I love these types of welcomes. The massive DC10 held all of those troops and their equipment – enough troops to require eight busses and two 18-wheelers to get them to Dix.

The details of the planning and logistics are not important, except to say that there are individuals involved whose work – hard work – is absolutely essential to the successful completion of a mission of this size. The first such is the Pennsylvania WWR Single Poing of Contact for Law Enforcement (WWR SPOC LEO for us military types who like acronyms.) In this case that was Bobcat and Dennis.

The most important aspect of this part of the planning is how to meet a chargered airliner that is NOT landing at the normal terminals at the International Airport. The nuts and bolts of that will remain classified, we will say only that the Airport Police are indespensible partners in welcoming our troops in this way.

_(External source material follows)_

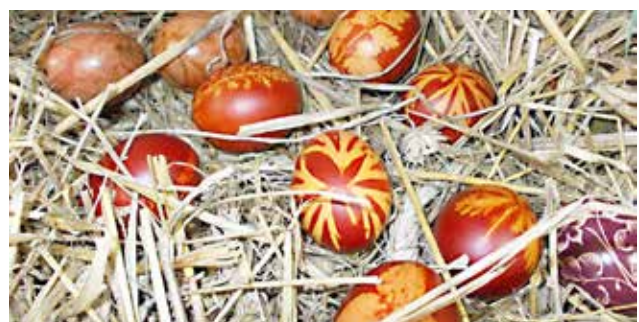
Razstavljene pisanice na razstavi v Peskovcih

The other person involved is Maria Hyland of A Hero’s Welcome. Her contacts intersect with those of the WWR but do not necessarily duplicate those. The media contacts are also her doing, and in this case we were even able to get a channel 6 newsman in with us by assuring the authorites that “he’s with us!”

This was a case were just about everything went off on schedule and as planned. The plane, due in at noon, was actually 15 minutes early.  We had about 50 WWR and AHW present, about 30 motorcycles and several other assorted vehicles. We had just enough time, upon our escorted arrival at the landing place, to form up a looooong flag line that would be easily visible to the taxiing airplane, and even from the air from that same plane.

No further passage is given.